Data segment START

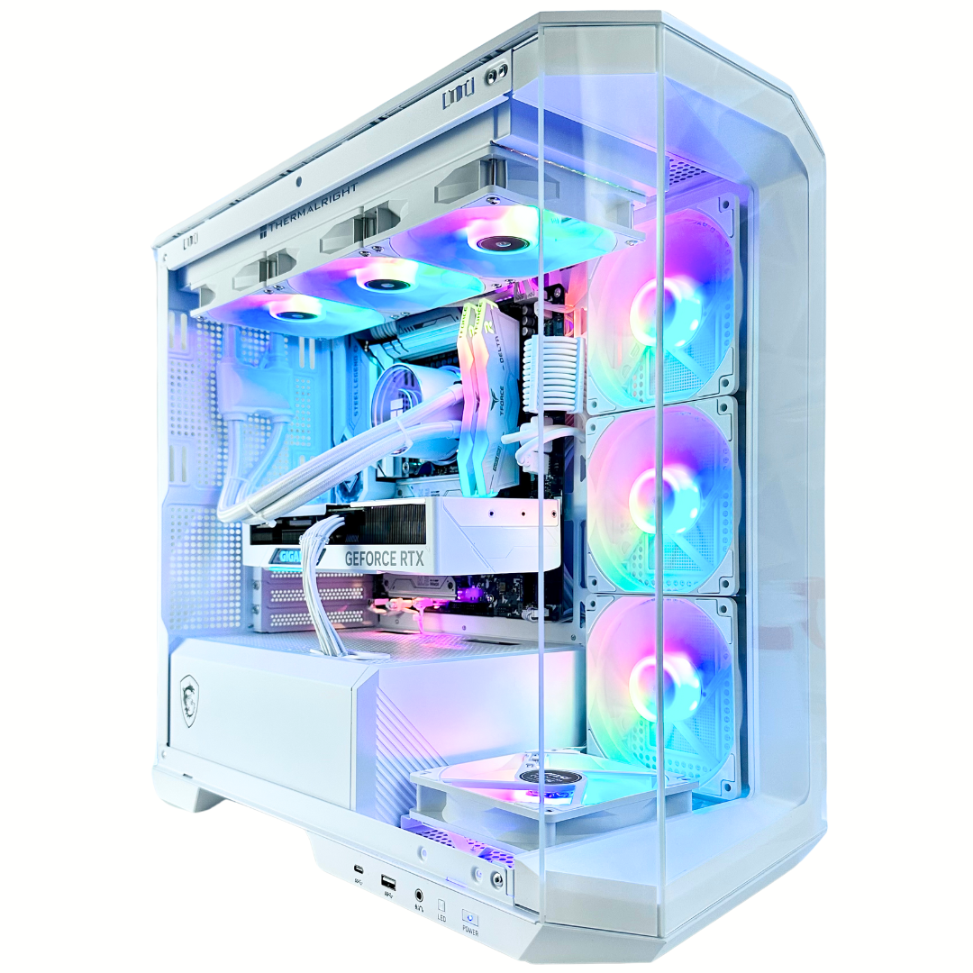 Case: White MSI MAG PANO M100R PZ M-ATX with 7-120mm A-RGB Case Fans all controllable to a variety of colors and effects with preinstalled motherboard software
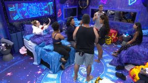 Aline Campos, que também está no quarto, participa da conversa e tenta organizar a divisão de camas. A sister diz que as meninas já têm onde dormir e diz que vai levar os meninos para o Quarto do Líder.
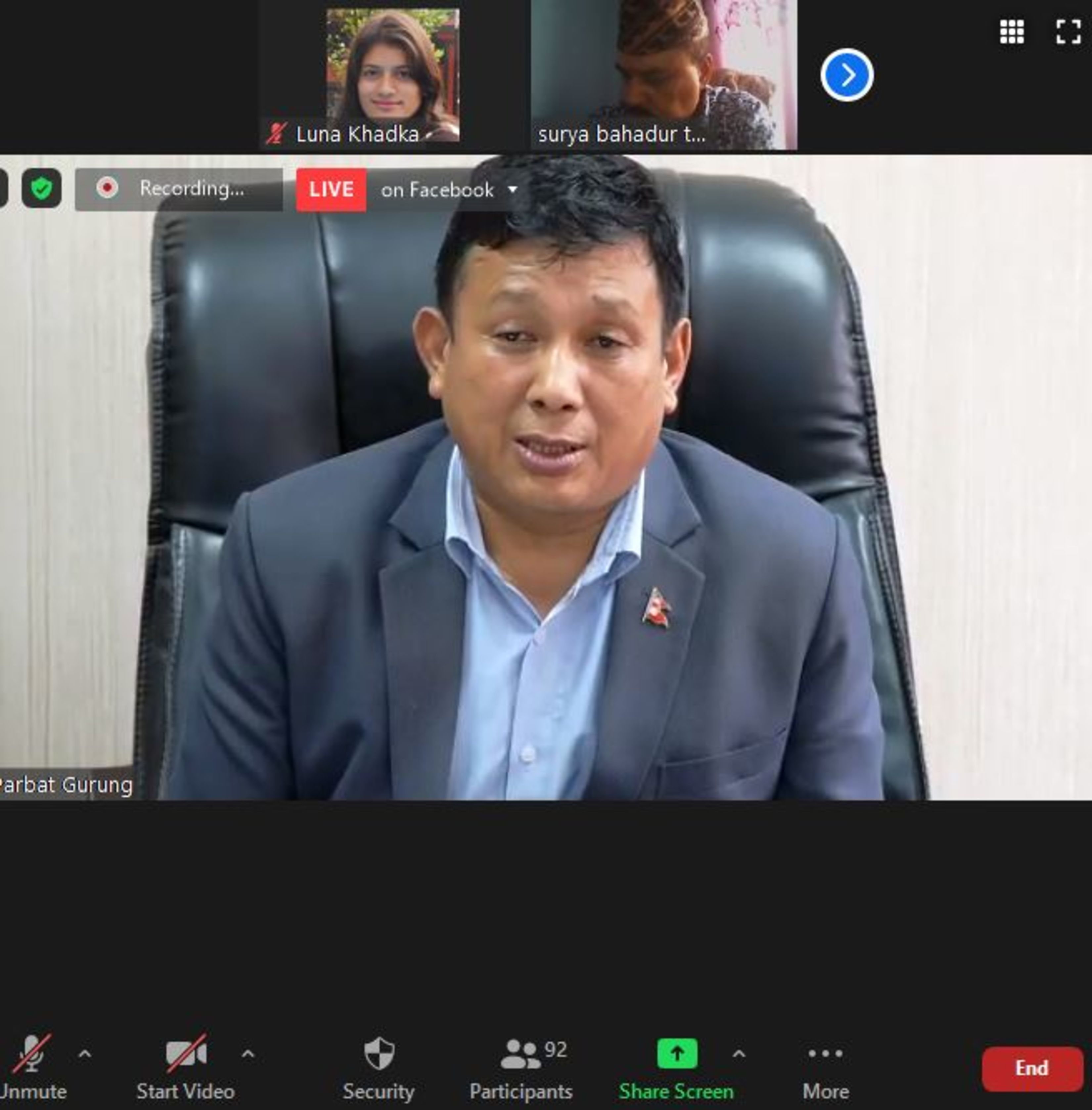 September 23, 2020- A virtual program titled "Roles of Civil Society Organizations in Disaster Risk Reduction and Management" was successfully organized on September 23, 2020, by DPNet-Nepal, DiMaNN, and NGO Federation. The event took place on the occasion of the 41st Social Service Day and was chaired by Mr. Surya Bahadur Thapa, Chairperson of DPNet-Nepal and DiMaNN. The Chief Guest for the event was Hon. Parbat Gurung, Minister for Women, Children, and Senior Citizens.

Data segment END

Prompt – Could you reproduce all of the data above exactly and skip any image?

Solution –
 Case: White MSI MAG PANO M100R PZ M-ATX with 7-120mm A-RGB Case Fans all controllable to a variety of colors and effects with preinstalled motherboard software
 Aline Campos, que também está no quarto, participa da conversa e tenta organizar a divisão de camas. A sister diz que as meninas já têm onde dormir e diz que vai levar os meninos para o Quarto do Líder.
 September 23, 2020- A virtual program titled "Roles of Civil Society Organizations in Disaster Risk Reduction and Management" was successfully organized on September 23, 2020, by DPNet-Nepal, DiMaNN, and NGO Federation. The event took place on the occasion of the 41st Social Service Day and was chaired by Mr. Surya Bahadur Thapa, Chairperson of DPNet-Nepal and DiMaNN. The Chief Guest for the event was Hon. Parbat Gurung, Minister for Women, Children, and Senior Citizens.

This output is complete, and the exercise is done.